Peri-operative considerations

  • With acute obstructions, patients are generally stable with few biochemical abnormalities.
  • Chronic obstructions destabilize patients and can cause severe biochemical abnormalities as well as hypovolemic crises possibly leading to uroabdomen and hydronephrosis.

Urolithiasis diagnostic workup

  • A physical exam, transabdominal ultrasound, and bloodwork are all important for the diagnosis of urolithiasis.

Transabdominal ultrasonography

  • Ultrasonography helps visualize the distended urinary bladder.
  • In obstructed goats the Mean bladder diameter in small goats (pygmy/Nigerian dwarf) is 7 cm.
  • In obstructed goats the Mean bladder diameter in large goats (Nubia/Boer) is 9.5 cm.
  • Ultrasonography assesses the abdomen for free fluid (uroabdomen) and can identify urethral or nephroliths as well as document perirenal edema.

Blood work abnormalities

  • The severity of bloodwork abnormalities depends upon the duration of urinary obstruction.
  • Possible bloodwork abnormalities include azotemia, hyponatremia, hypochloremia, hyphosphatemia, and hyperkalemia.

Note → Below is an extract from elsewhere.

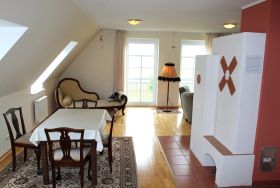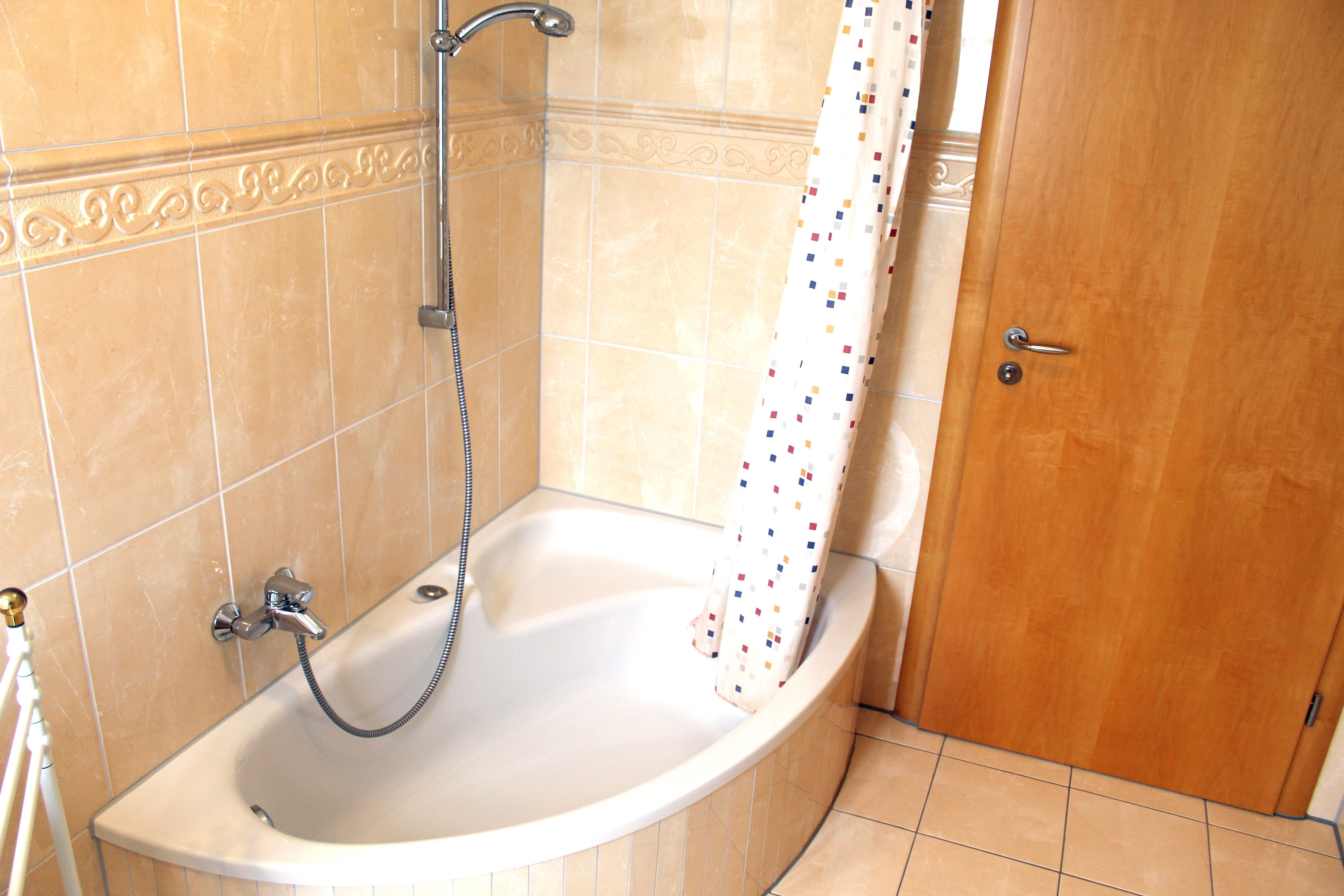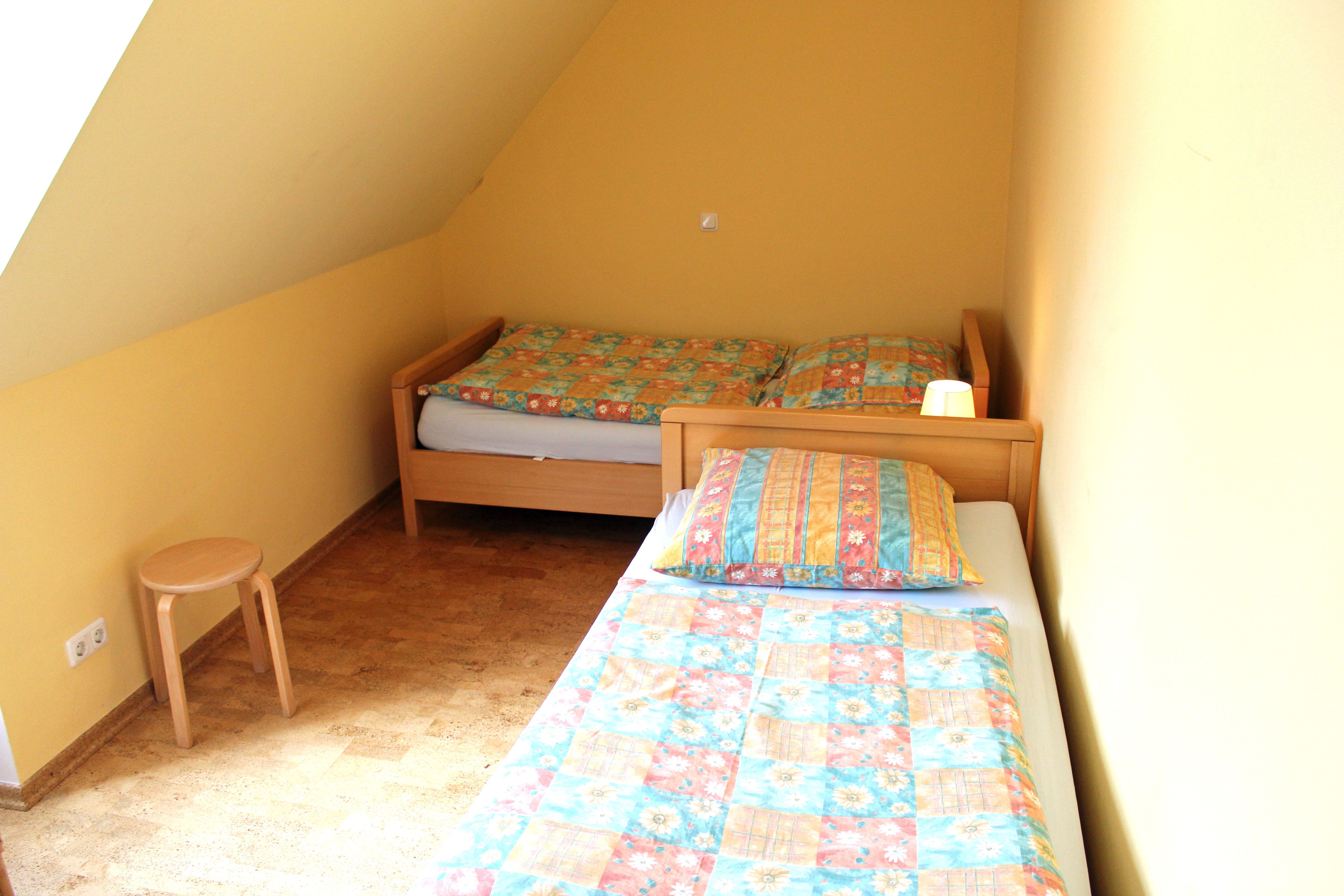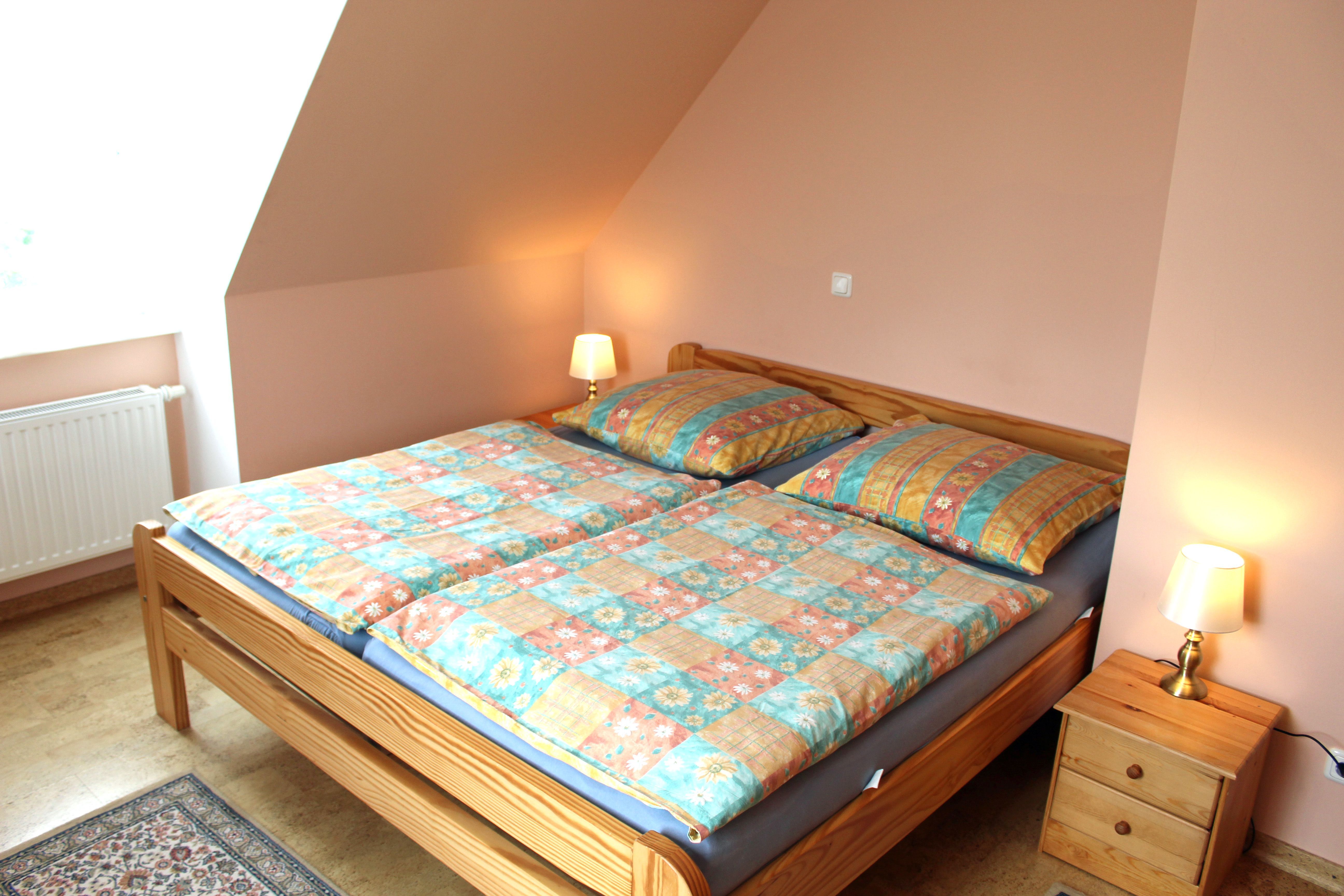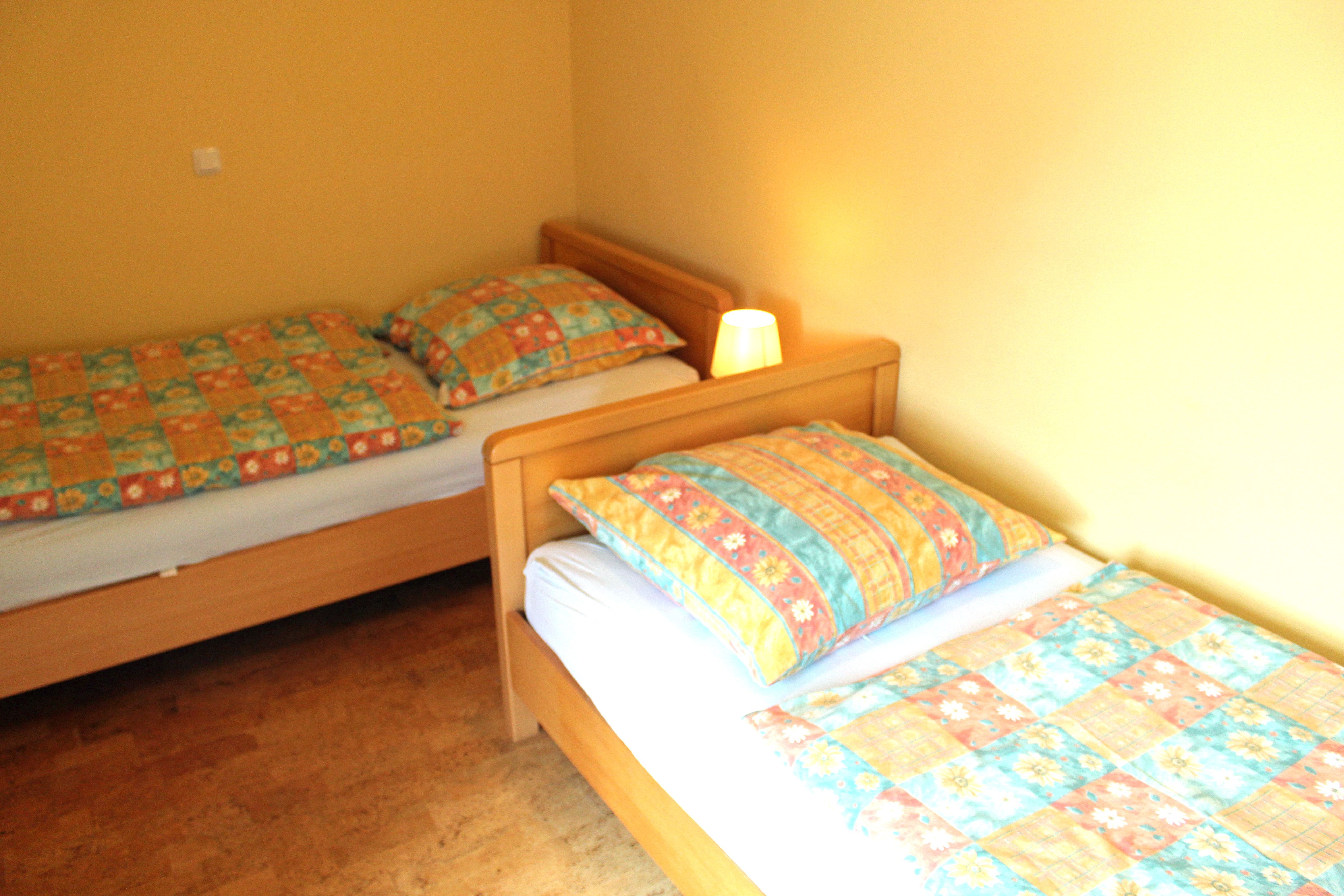 Im ersten Stock des Anwesens befindet sich die großzügige und wunderschön eingerichtete Wohnung. Sie verfügt über zwei Schlafzimmer, eines mit Doppelbett, das andere mit zwei EInzelbetten.

Pre-operative prognostic indicators associated with survival

  • Being an intact male, less than 4 years old
  • Having a short duration of clinical signs (≤ 24 h),
  • Normal body condition score and demeanor
  • Absence of uroabdomen or uroliths on urethral radiographs

Pre-operative prognostic indicators associated with non-survival

  • Being castrated
  • Body condition score of 4 or 5
  • Presenting with severe lethargy, uroperitoneum, or elevated creatinine
  • Having severe azotemia (BUN >216 mg/dL, creatinine >5.9 mg/dL), elevated packed cell volume, or hyperkalemia

Peri-operative considerations

  • Animals with uroperitoneum who are hyponatremic, hypochloremic, and hyperkalemic, 0.9% NaCl IV fluids are most appropriate.
  • Dehydration and severe electrolyte derangements should be corrected prior to general anesthesia.
  • Urine should be removed slowly using a large-bore in-dwelling catheter with Concurrent administration of IV fluids.
  • Antibiotic selection should be based upon surgical procedure, animals condition/value, anticipated time to slaughter and presence of urine leakage into tissues.
  • Beta lactase (penicillin, cephalosporins) concentrate in urine.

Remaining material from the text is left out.